Игорь уткнулся лицом мне в волосы – так, что его спокойное дыхание чувствовалось возле уха, я ощутила, как его тёплые губы коснулись моей шеи – и я обессиленно опустила голову ему на плечо, всхлипывая и безмолвно рыдая, отчаянно пытаясь пересилить в себе маленького обиженного собственника. К сожалению, я всё по-прежнему понимала.
– Удачной дороги.
Я пытаюсь себя изучать и знаю, что отходчивость – одно из моих замечательных качеств. Прошло около месяца – и, в принципе, я почти перестала считать себя отчасти ущербной, чего-то лишённой, хотя удар по самооценке был перенесён весьма болезненно и не до конца. Остался едкий неприятный осадок, который бывает от очень сильных впечатлений, но уже давно полученных, исчерпавших самих себя и почти забытых. Вы когда-нибудь выступали на сцене детского садика? Было, что вы забыли слова и с перепугу разревелись у всех на виду? Правда ведь, в том далёком детстве, в том далёком детском садике хотелось провалиться сквозь землю от такого позора и досады, казалось, что жизнь кончена и что ты самый несчастный и неудачливый человек в этом мире? А сейчас и вспомнить немного смешно, так мило, даже забавно, вот, мол, какой стыд и срам, но с кем не бывает; а осадок этого позора остался, ведь именно с того момента в моей жизни я узнала, что такое позориться. Осталось чувство, одна маленькая, но неимоверно сильная эмоция, из-за которой я по-прежнему перед выступлениями выучиваю свою роль до автоматизма, хотя сцены ни капельки не боюсь.
Похожий осадок остался и после отъезда друга, только в этот раз я знакомилась не с позором, а с прощанием, с этим самым невоспринимаемым человеческим мозгом понятием «никогда», даже, можно сказать, со своеобразным предательством.

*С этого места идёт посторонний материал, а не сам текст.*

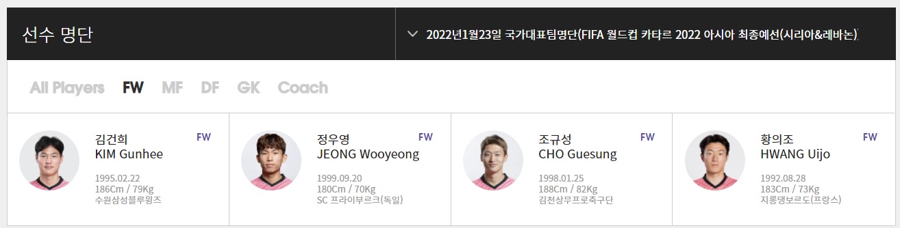 또한 시리아 내부 상황으로 시리아 현지가 아닌 중립지역인 두바이에서 경기를 펼치는 것도 승리에 대한 기대감을 높이고 있습니다. 오늘 오전 매스컴 보도에 따르면 중앙 수비수 정우영 선수도 그간의 경기에서 경고누적으로 오늘 경기에 뛸 수 없는 상황이며, 에이스 손흥민과 공격수 황희찬도 빠진 상태이지만 바로 직전 대회인 레바논전에서 황의조의 절묘한 어시스트를 받아 결승골을 터트린 조규성 선수가 있습니다.

Но, впрочем, сначала всё кажется куда страшнее, чем есть на самом деле. Игорь больше ни разу не звонил и не давал о себе знать – но ведь и не должен, я ему не девушка и не жена и никогда ею не была, поэтому постепенно вся ситуация уложилась в моей голове. Никто не заметил, что я маленько поревела в подушку и поругалась с воображаемым собеседником, несколько дней помолчала и каждый день на протяжении недели скрылась от чужих взглядов в горах, но вскоре всё уладилось. Кроме того, за отсутствием Игоря у меня, оказывается, было намного больше свободного времени, чем я предполагала.

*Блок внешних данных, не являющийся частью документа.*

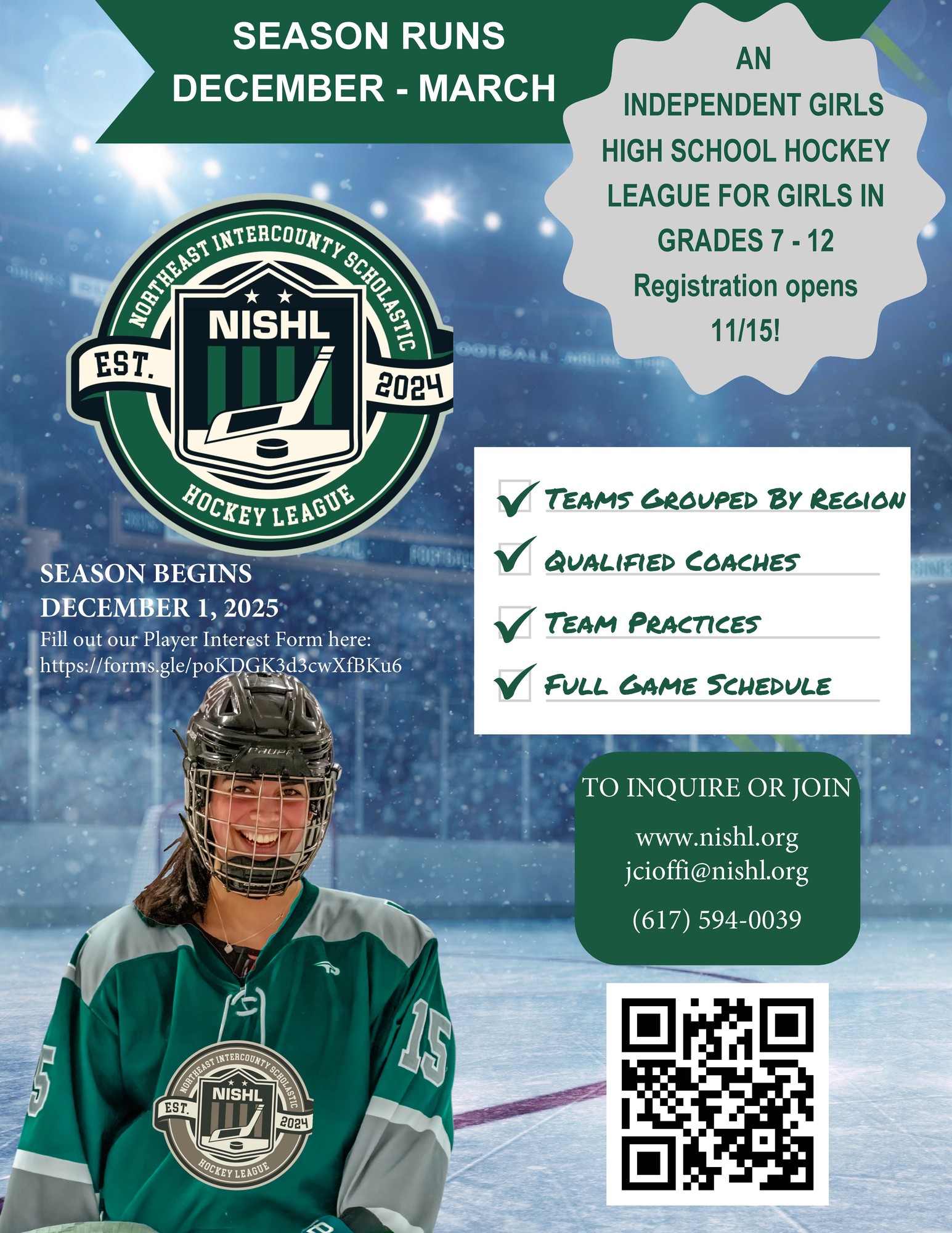 The Northeast Intercounty Scholastic Hockey League (NISHL) is a newly established women's high school hockey league in New England. This league was founded in response to our daughter, Delilah Cioffi, who highlighted the lack of opportunities for her friends to play high school hockey. She emphasized that these girls were missing out on the valuable high school experience that comes from playing a sport with their peers. Participating in school sports fosters camaraderie, enhances school spirit, and contributes to the personal and social development of students, making it a crucial aspect of their educational journey.

Первые две недели сопротивляться уже закоренелым привычкам (к примеру, звонить Игорю или приезжать к нему) было невыносимо. Несколько раз я ловила себя на том, что уже держу в руках телефон с намерением сообщить другу о красивом закате, пару раз автоматически приходила на его улицу и только возле дома внезапно понимала, что идти не к кому. И мне ужасно надоело, что с любым моим маленьким приключением постоянно проскальзывали мысли о том, что это надо непременно рассказать Игорю. Рассказывать теперь всё это было некому, приходить ко мне – тоже было некому, как и выливать душу, и показывать фотографии, и советовать понравившиеся книжки – некому. И проблему эту я решала не самым лучшим способом. Помимо плаванья и литературного кружка, куда я пошла исключительно ради общения, я без всяких угрызений совести отправлялась с новыми знакомыми на вечеринки, в клубы и на сомнительные концерты – словом, как говорится, «ушла в загул». Однако же, пара пробуждений с напрочь отшибленной памятью и незнакомыми людьми и несколько ночей, проведённых в обнимку с унитазом, всё же убедили меня в том, что так делать не нужно – и я записалась в туристическую организацию, работавшую на базе нашего института. После первых двух походов с новичками мне стало скучно, потому что их походы больше походили на кратковременные вылазки в соседний двор (я, конечно, утрирую), и меня решили отправлять с теми, кто ходил уже давно. В первом походе ко мне настырно приставал какой-то старшекурсник, к которому в свою очередь настырно приставала половина женской команды (цирк, не правда ли?), а во втором походе я поняла, что никто из группы не собирался отдыхать на природе, а шёл сюда исключительно с той же целью, с которой другие ходят в клубы. И теперь решив, что уже вокруг меня сформировался хоть какой-то круг более-менее хороших знакомых (интересные люди всё же попадались), я радостно «помахала ручкой» и литературному кружку, и плаванью, и клубам, и туристической организации. Увлечения мои стали безопасней (это я про вечеринки), немного спокойней (это я про гастролирующий цирк, называемый походами), а потом и вовсе превратились в мою обыденную жизнь.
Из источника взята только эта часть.